Suche vernünftigen Ethernet-Switch 8-Port 100MBit für Hutschienenmontage und 24VDC Versorgung...

Habt Ihr da eine Empfehlung ?????


----------



## SPS Markus (7 September 2005)

Hallo,
nur mal auf die schnelle gefunden:
http://germany.moxa.com/product/Industrial_Ethernet/Unmanaged_Switches/EDS_308_305.htm
Vielleicht hilfts...

Markus


[edit1]

http://www.spectra.de/produktliste....THERNET SWITCHES&GruppeDESC=Ethernet Switches

EDS-598


----------



## Kurt (8 September 2005)

Beckhoff ES2008 und 2016

http://www.beckhoff.de/german/pccards/es2008.htm

kurt


----------



## PeterEF (8 September 2005)

Hallo,

Hirschmann 
RS2-TX (unmanaged) mit 8 Ports
RS2-TX/TX (managed) 5+2 Ports

ersteres Modell ist ganz gut aber nicht billig, vor allem gibt es für jede Verbindung die Möglichkeit, diese in die Fehlerüberwachung einzubeziehen oder auch nicht.
Für Sicherheitsbedürftige gibt es auch 2 Einspeisungen der 24Volt.

Peter


----------



## Gerhard Bäurle (8 September 2005)

Hallo,

eine Möglichkeit ist auch der Hutschienen-Switch Spider 8TX
von Hirschmann. Nur gute Erfahrungen, Listenpreis ca. 160 €.
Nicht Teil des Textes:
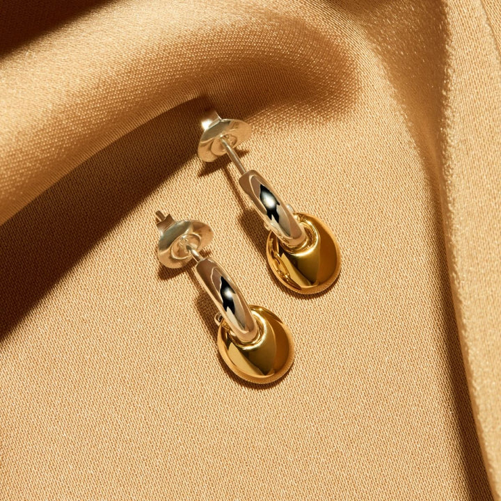 Adorn them with their swinging polished pebbles as talismans of serenity, embracing the soothing influence of water-inspired design. Alternatively, remove the charms and enjoy the contemporary curled hoops on their own, exuding a chic and stylish appeal. These versatile earrings effortlessly complement any ensemble, allowing you to express your unique style and elevate your look with ease.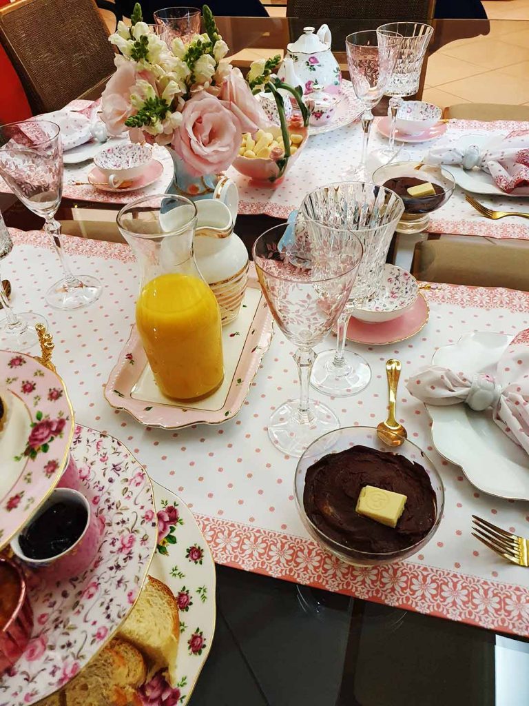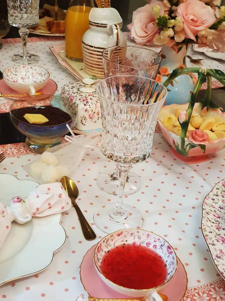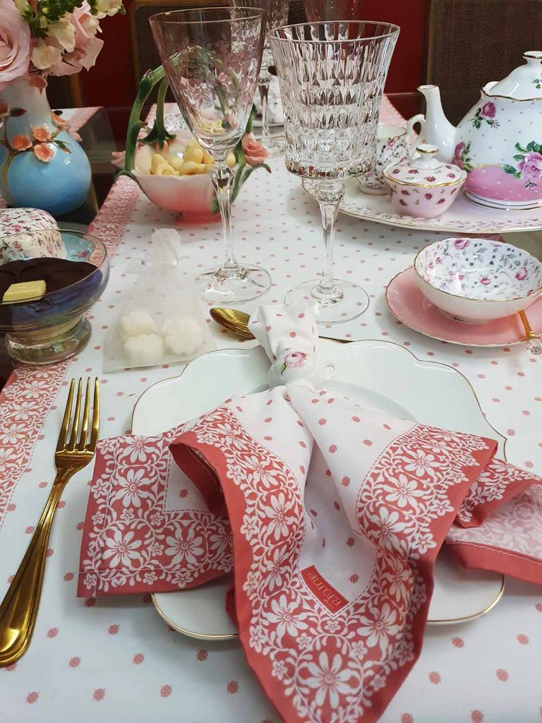 Fiquei muito feliz com o convite e a sugestão de fazer mesa de chá porque está nas minhas memórias afetivas. Minha mãe gostava muito de chá e fazia mesas diárias para receber suas amigas vizinhas. Cresci vendo minha mãe arrumando mesas com toalhas e as louças que tinha e aprendi com ela. Sou meseira por amor. Hoje, a mesa de chá ganhou mais elegância e sofisticação (shabby chic) com flores, cores claras e uma variedade de louças. Podemos usar toalhas, trilhos, jogos-americanos, basta seguir a etiqueta e a criatividade em sua composição. Coloque xícaras à direita do prato de sobremesa, taças para água e suco e até espumante, se quiser. O suporte para doces e salgados também ganha destaque e ajuda a compor a mesa. Pode servir sanduíches, tortinhas, sequilhos, cupcakes, macarrones, docinhos e geleias. A minha sugestão é fazer torrões de açúcar que dão um charme à mesa.

http://www.hirschmann.de/Industrial-Ethernet/de/products/getprod.php?orderno=943376001&SP_ID=de

Viele Grüße

Gerhard Bäurle


----------



## Lazarus™ (9 September 2005)

Supi , Supi   

Also spontan gefällt mir das Hirschmann Teil am besten...

Dank Euch ...


----------



## Anonymous (14 September 2005)

*SF Switch von Phönix*

Tach !

Wir haben die 8 Port Switche  von Phönix Contact im Einsatz, 
je nach Platzbedarf setzen wir ein von den beiden ein, mit bisher nur guten Erfahrungen.

http://eshop.phoenixcontact.com/pho...=2832218&parentUID=440721473&reloadFrame=true

http://eshop.phoenixcontact.com/pho...=2832771&parentUID=440721473&reloadFrame=true


----------